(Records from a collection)
§
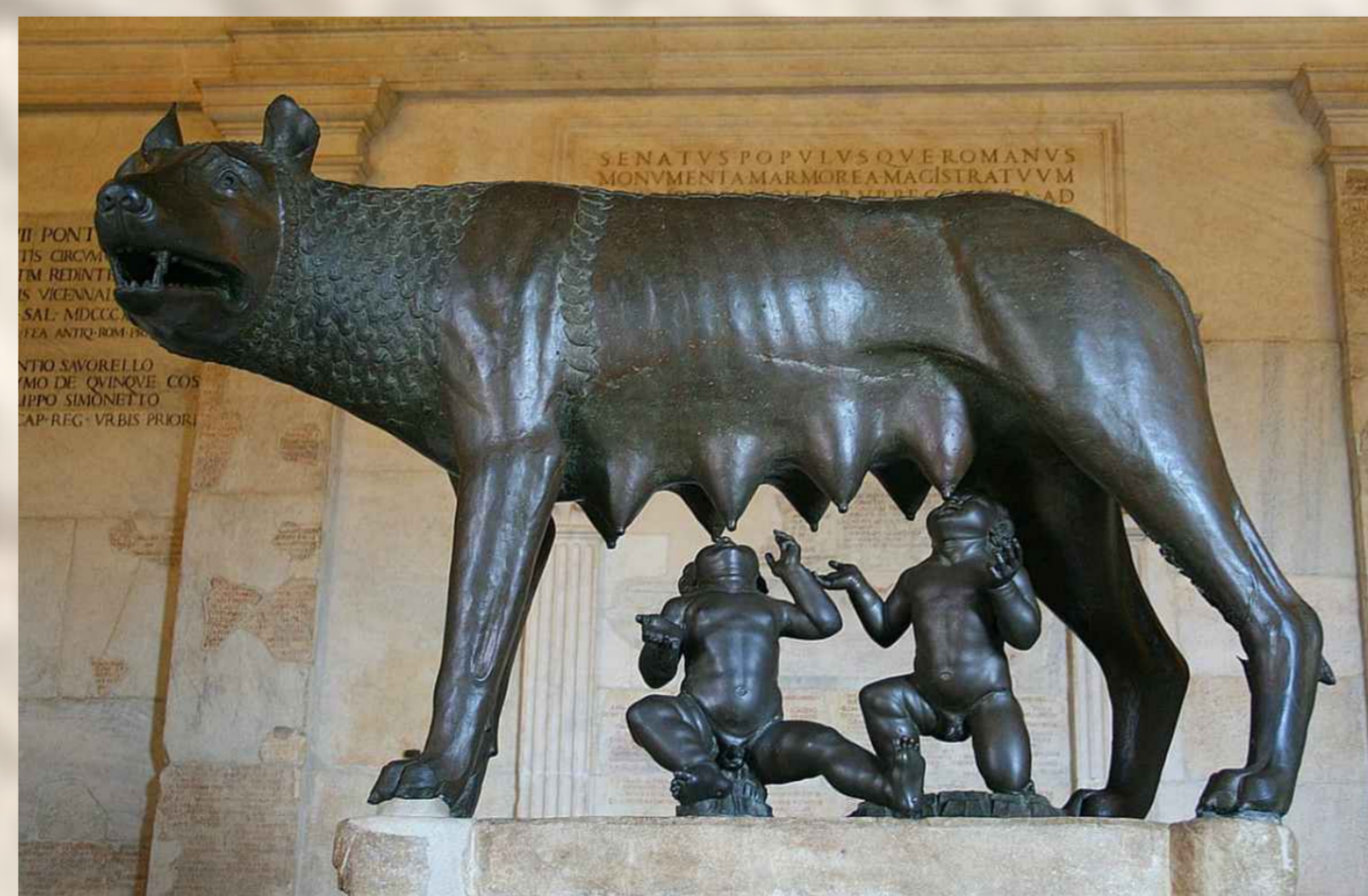
Lupercal. Museos Capitolinos, Roma.
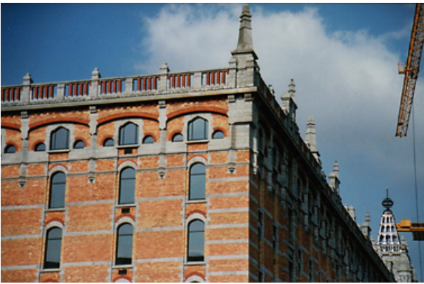
Thurn & Taxis
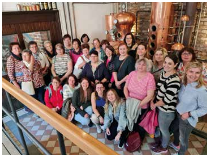
Der Frauen- und Mädchenverein Nassenfels besuchte die Frankenmetropole Nürnberg. Im Zuge der Führung durch die Stadt und die Katakomben stellte sich die Reisegruppe zu einem Foto auf.
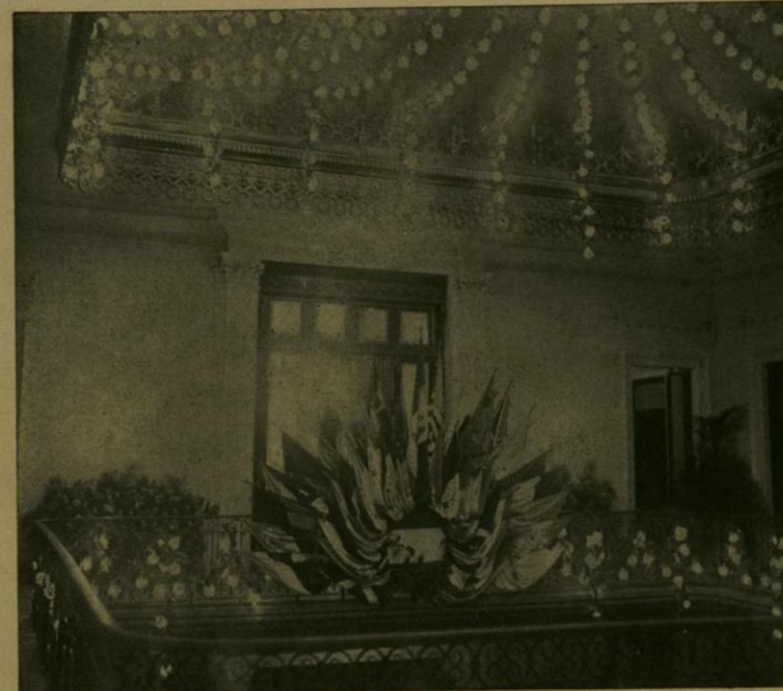
ADORNO DE LOS CORREDORES ALTOS DEL PRIMER PATIO DE LA SECRETARIA DE RELACIONES.

El patio quedó convertido en elegante hall , con una gran jardinera en el centro, llena de azaleas y begonias, y bajo una cúpula de hortensias y verdes guías que servía de techo al salón. Llenaban artísticamente los cuatro ángulos de éste, plantas de invernadero; el costado izquierdo estaba ocupado por la plataforma destinada á la orquesta, y el frente de la entrada ostentaba un soberbio trofeo con el escudo nacional en el centro y los pabellones de todas las Naciones amigas de México alrededor.
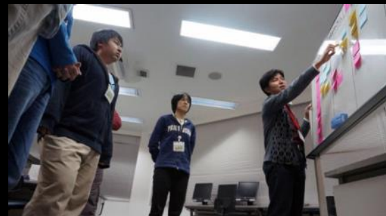
発表会後に自分達のチームの振り返り
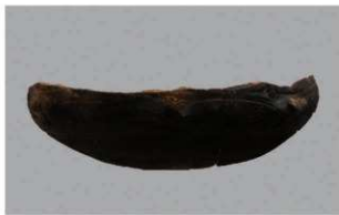
8 1-6出土土器 (第348图134)
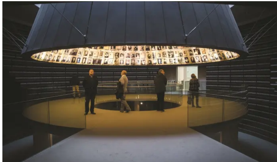
מוזיאון יד ושם

העליון יכיר בזכאותם? בית המשפט העליון ידון בערעור יוצאי מרוקו על אי-הכרתם כניצולי שואה שנפגעו באופן ישיר מהמשטר הנאצי, לאחר שבית המשפט המחוזי בחיפה לא הכיר במאבקם של יוצאי העדה ששהו במרוקו בין אוקטובר 1940 לנובמבר 1942. השאלה המשפטית המורכבת, העומדת לטענת המערערים בליבת בקשת רשות הערעור לבית המשפט העליון, היא זכאותם של אלפי יוצאי מרוקו לתנמולים חודשיים מכוח חוק נכי רדיפות הנאצים.
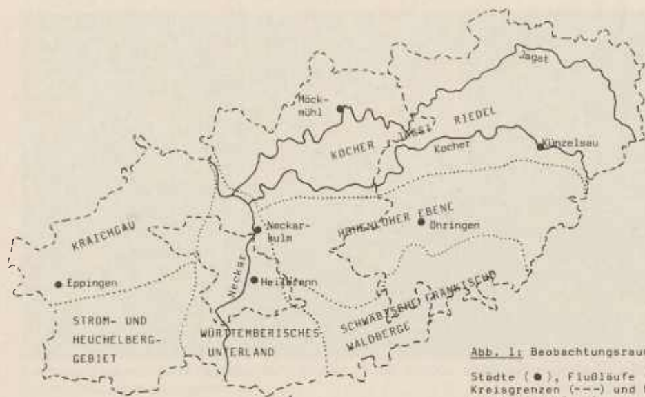
Abb. 1: Beobachtungsraum

Städte (●), Flußläufe (—), Kreisgrenzen (---) und Naturraumgrenzen (.....)
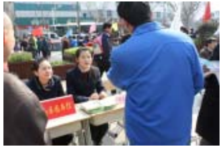
我馆志愿者开展现场咨询服务

三月初的早上寒风瑟瑟，大家学雷锋的热情却丝毫不受影响。早上八点半，广场上已经热火朝天，志愿者早已各就各位，为宝山市民提供最贴心的服务。
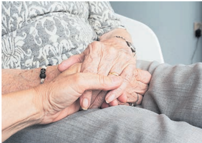
Een op de vijf mensen zal te maken krijgen met een haperend brein.

onder het genot van een lunch in de foyer van de Luifel. Aanmelden is verplicht en kan via: www.wijheemstede.nl , info@wijheemstede.nl of 023 - 5483828.
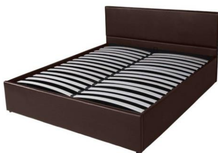
Zdjęcie stelaża w łóżku, w którym go użytkujesz
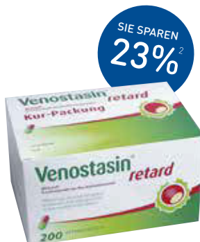
Venostasin retard Kapseln – 200 Stück
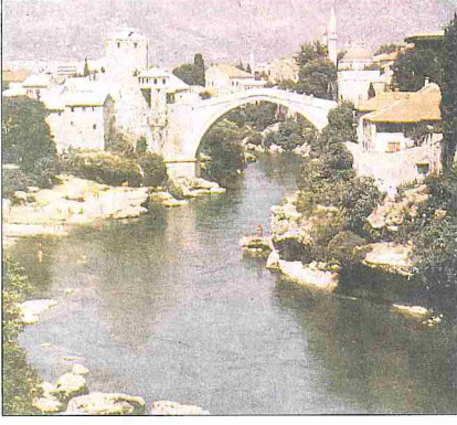
XVI. yüzyılın ikinci yarısına ait Mostar Köprüsü

tan) Arta Köprüsü (XV. yüzyıl), Maraş Ceyhan Köprüsü (XVI. yüzyıl [?]), Konjic (Bosna - Hersek) Karagöz Mehmed Bey Köprüsü (XVI. yüzyıl), Mostar Köprüsü (1557-1567), Trebinje (Bosna - Hersek) Arslanağa Köprüsü (981/1573-74), Podgarica (Yugoslavya) Vezirköprü (XVI. yüzyıl), Larisa-Yenişehir (Yunanistan) Hasan Bey Köprüsü (XVI. yüzyıl), Edirne Ekmekçi-zâde Ahmed Paşa Köprüsü (XVII. yüzyıl), Babaeski Köprüsü (1633), Çorlu Kara Mustafa Paşa Köprüsü (XVII. yüzyıl), Debre (Makedonya) Kaçanikli Mehmed Paşa Köprüsü (XVII. yüzyıl), Buna (Bosna - Hersek) Danyal Paşa Köprüsü (XVII. yüzyıl), Muş Murad Nehri Köprüsü (1817).
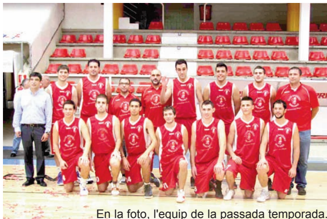
En la foto, l'equip de la passada temporada.

Per la part positiva indicar que el CB Benicarló va oferir bona imatge i segur que amb la preparació a punt, aquest
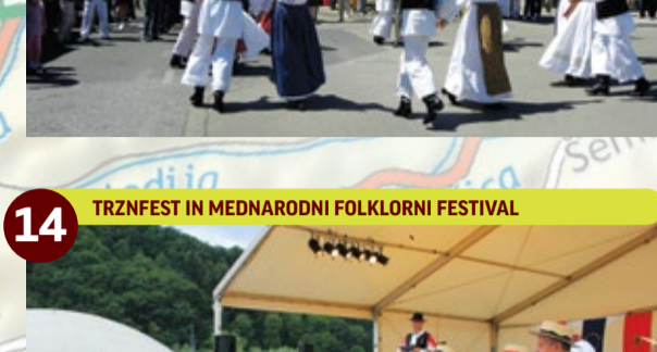
14 TRZNFEST IN MEDNARODNI FOLKLORNI FESTIVAL
§
▶ **Assigned task**
From the line with "XVI. yüzyılın ikinci" to the last line above, restate each line word for word, but skip the pictures.

▶ **Expected answer**
XVI. yüzyılın ikinci yarısına ait Mostar Köprüsü

tan) Arta Köprüsü (XV. yüzyıl), Maraş Ceyhan Köprüsü (XVI. yüzyıl [?]), Konjic (Bosna - Hersek) Karagöz Mehmed Bey Köprüsü (XVI. yüzyıl), Mostar Köprüsü (1557-1567), Trebinje (Bosna - Hersek) Arslanağa Köprüsü (981/1573-74), Podgarica (Yugoslavya) Vezirköprü (XVI. yüzyıl), Larisa-Yenişehir (Yunanistan) Hasan Bey Köprüsü (XVI. yüzyıl), Edirne Ekmekçi-zâde Ahmed Paşa Köprüsü (XVII. yüzyıl), Babaeski Köprüsü (1633), Çorlu Kara Mustafa Paşa Köprüsü (XVII. yüzyıl), Debre (Makedonya) Kaçanikli Mehmed Paşa Köprüsü (XVII. yüzyıl), Buna (Bosna - Hersek) Danyal Paşa Köprüsü (XVII. yüzyıl), Muş Murad Nehri Köprüsü (1817).
En la foto, l'equip de la passada temporada.

Per la part positiva indicar que el CB Benicarló va oferir bona imatge i segur que amb la preparació a punt, aquest
14 TRZNFEST IN MEDNARODNI FOLKLORNI FESTIVAL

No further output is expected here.